An overview of Romania’s 2020 FDI performance

Mihai Cristea 06/01/2021 | 18:10

The COVID-19 crisis brought unprecedented changes to the economy, largely due to the strict social distancing measures adopted by governments to limit the spread of the virus. Investment flows across Romania are expected to decline, but there is still room for optimism: foreign direct investment (FDI) could represent a central driving force for post-pandemic economic growth.

By Claudiu Vrinceanu

 

But for this to happen, Romania will have to reshape its approach towards attracting FDI in order to increase its attractiveness for foreign investors. This will be a complex process considering the fact that the intense competition among countries to attract and retain FDI is the most important challenge currently faced by International Promotion Agencies (IPAs) like Invest Romania. The COVID-19 pandemic has led to major economic disruptions across the globe. Nevertheless, it is still relevant to understand Romania’s pre-crisis FDI dynamics in order to fully grasp current and future trends.

 

The greenfield investment indicator

The value of greenfield investment project announcements – an indicator of future FDI trends – recorded a bigger fall (-49 percent) in developing economies like Romania than it did in developed economies (-17 percent), reflecting developing countries’ more limited capacity to roll out economic support packages, according to UNCTAD’s latest Global Investment Trends Monitor.

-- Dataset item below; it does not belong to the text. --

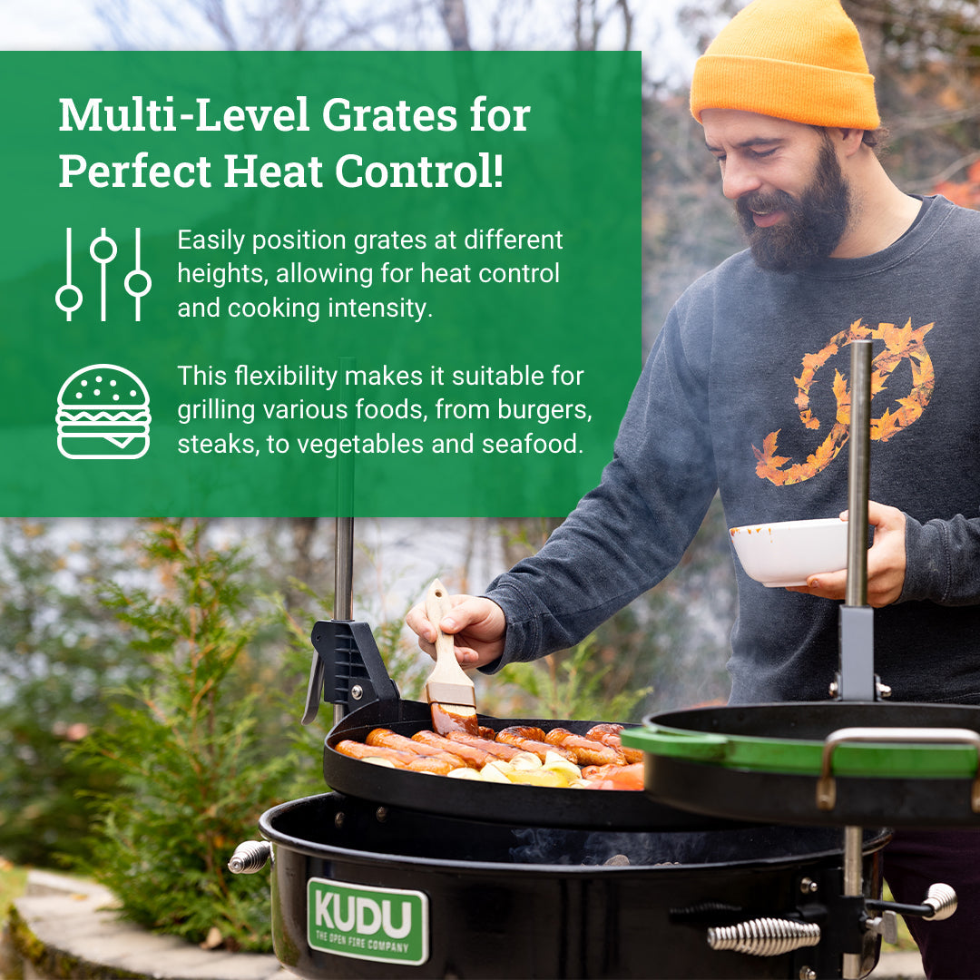 The KUDU Open Fire Grill’s smart, simplistic design allows you to cook over an open flame using your favorite lump charcoal, briquette, seasoned firewood, or smoking wood. Easily adjust both cooking surfaces horizontally and vertically from high heat to low heat by raising the cast iron pan and grill grate away from the flame. The KUDU’s large flat fire pit lets you move the coals around freely, so you can create one large pile of embers or multiple smaller heat zones.

Greenfield investments are important because such projects are developed by companies building their business from the ground up on a new market, indicating that they are there to stay.

 

Investors are cautious, but not fully retreating

In Romania, 46 percent of investors have cancelled, reduced or paused their planned investments, while 51 percent made no changes to their investment plans, according to the EY Attractiveness Survey on Romania. Looking to the future, investors are still optimistic and believe that Romania will become more attractive after the COVID-19 pandemic ends. Supply chain (35 percent) and manufacturing operations (36 percent) are regarded as the country’s main investment attractions. To increase its competitiveness, most foreign investors believe that Romania should highlight its agriculture and IT assets. Romania should focus its efforts on funding key issues like education, technological transformation, and infrastructure.

 

A possible solution from Invest Romania

The role of investment promotion agencies is becoming more important right now, and Romania could learn a lot from other countries’ governmental agencies focused on attracting new FDI. A recent UNCTAD study of 174 national IPA websites found that 64 percent of these agencies had a rapid online response to the COVID-19 pandemic, with 40 percent of IPA websites providing at least some information related to COVID-19, while 24 percent only displayed a notification informing visitors whether the IPA was still operating. Investment promotion agencies are eager to promote renewables and are increasingly inclined to digitalize their methods, according to a joint survey by the World Association of Investment Promotion Agencies (WAIPA) and the World Bank. Sector targeting is an important element of investment promotion and should be considered by the Romanian government through Invest Romania, the governmental body responsible for promoting foreign direct investment in the country. Without targeting, the government’s efforts are likely to be inefficient and unsuccessful. However, governmental promotion agencies tend to have multiple priority sectors: according to the survey findings, IPAs have 11 priority sectors on average. The most popular sectors they target are renewable energy and information technology (IT) services.

How can Romania retain its attractiveness post-COVID-19? In terms of sectors that could accelerate Romania’s development, according to EY, a majority of foreign investors mentioned agriculture (35 percent), the IT sector (29 percent), and transport and motor vehicles (21 percent).